La photographie d'ensemble n'est donc pas mauvaise – surtout pour un

pays colonial – même si la balance commerciale reste déficitaire à cause

des produits manufacturés. Quelle réalité profonde se cache derrière la

première impression ?

Les Européens, en 1930, sont à peu près 880 000, presque tous Français,

de souche ou par naturalisation. La loi de 1889 a joué son rôle 2 . Ils sont des

citadins à plus de 80 %, regroupés principalement dans les villes du littoral

et surtout les deux métropoles que constituent Alger et Oran. Hormis

quelques bastions de faubourgs à dominante espagnole ou italienne, le

brassage ethnique a eu lieu. Les juifs également se sont intégrés. Les

Européens d'Algérie sont désormais des Français à part entière, pourvus

intégralement de leurs droits civiques et plus spécialement du droit de vote.

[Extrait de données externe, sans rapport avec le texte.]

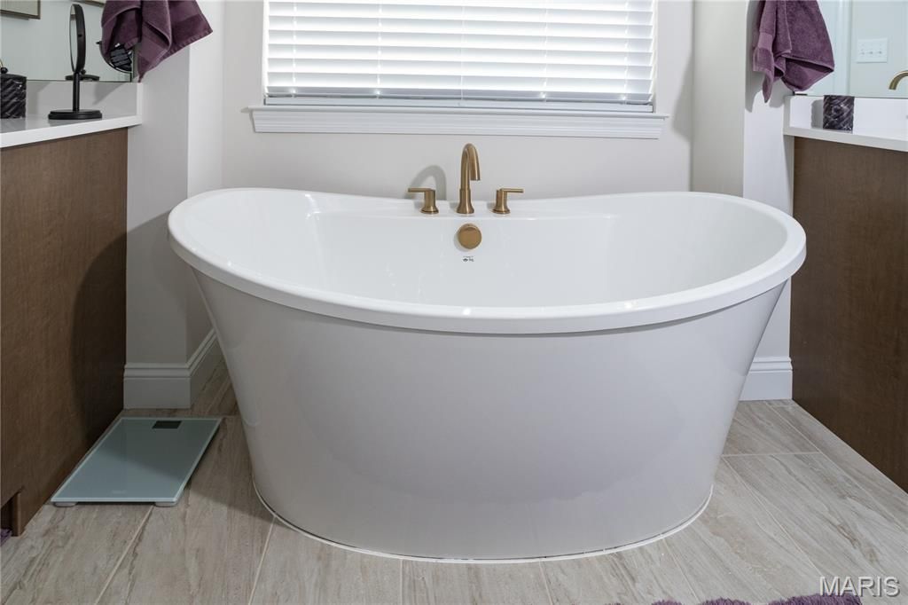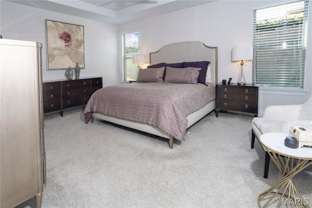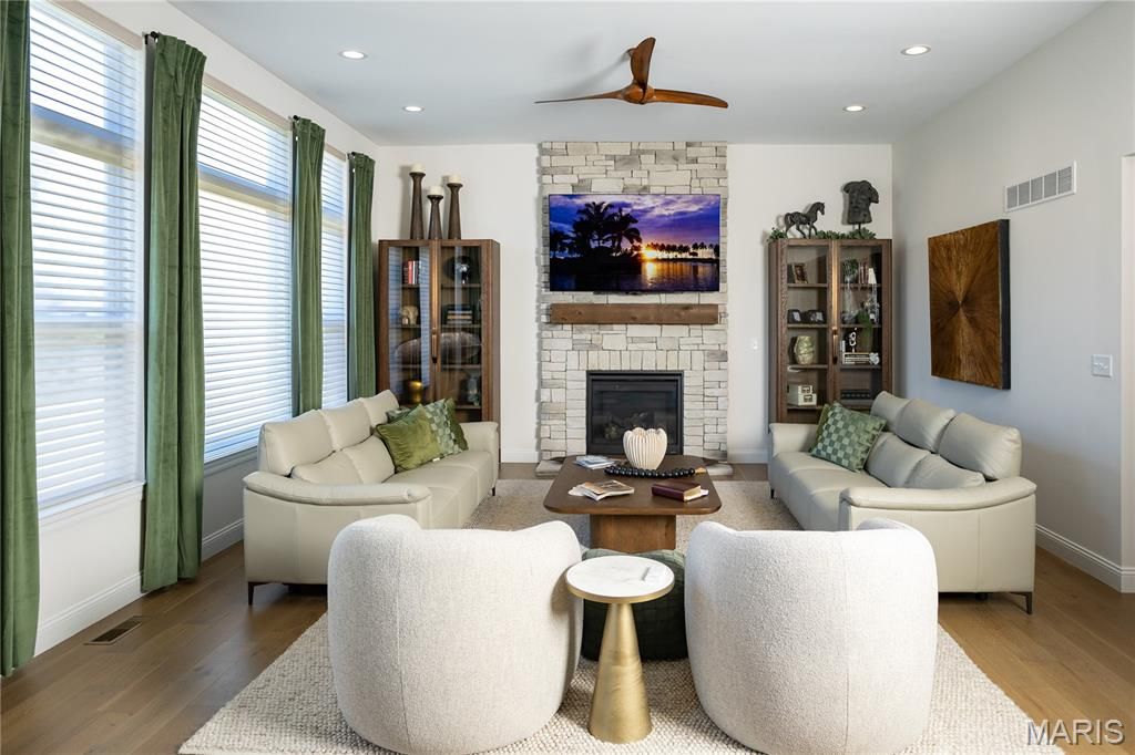 Luxurious, impeccably maintained, and designed for both everyday comfort and elegant entertaining. This stunning home features a chef's kitchen with stainless steel appliances, double ovens, soft-close cabinetry with roll-out drawers, and an oversized island perfect for gathering. The living room is anchored by a dramatic floor-to-ceiling stone gas fireplace with electric start, complemented by a picture window and remote-controlled window shades that flood the space with natural light. The primary suite is a true retreat, offering walk-in closets and a spa-inspired bath with a walk-in shower with seat, garden tub, and dual separate vanities. Additional bedrooms also feature walk-in closets, while updated light fixtures add a modern, refined touch throughout. Outside, enjoy a professionally manicured lawn with sprinkler system, landscape lighting, and a picturesque retaining wall enhancing the home's curb appeal. The finished, insulated garage adds comfort and functionality. Every detail has been thoughtfully curated; this home is move-in ready and waiting for the perfect family to call it home.

Les indigènes, de leur côté, sont environ 5 500 000. Le fond n'a pas

bougé. Berbères en Kabylie, dans l'Aurès, Berbères très fortement métissés

par l'apport arabe d'autre part. Musulmans partout. Les conversions à la foi

chrétienne ont été rares : quelques-unes en Grande Kabylie de par le travail

des pères blancs, ou bien celles d'orphelins recueillis par des organisations

religieuses. Depuis un demi-siècle, la population indigène a eu une

croissance rapide. En vingt ans, elle vient de gagner 800 000 individus.

Cinq millions cinq cent mille d'un côté, huit cent quatre-vingt mille de

l'autre. Le déséquilibre numérique s'accroît, un Européen pour sept

musulmans. Des musulmans qui se sont fixés car le nomadisme a bien

diminué 3 depuis la colonisation 4 .

Quels sont les rapports des deux communautés ? Une évidence éclate en

débarquant à Alger, Oran, Bougie ou Philippeville. Il n'y a pas d'apartheid,

il n'y a pas de racisme fondamental. La France de 1789 a imposé sa marque.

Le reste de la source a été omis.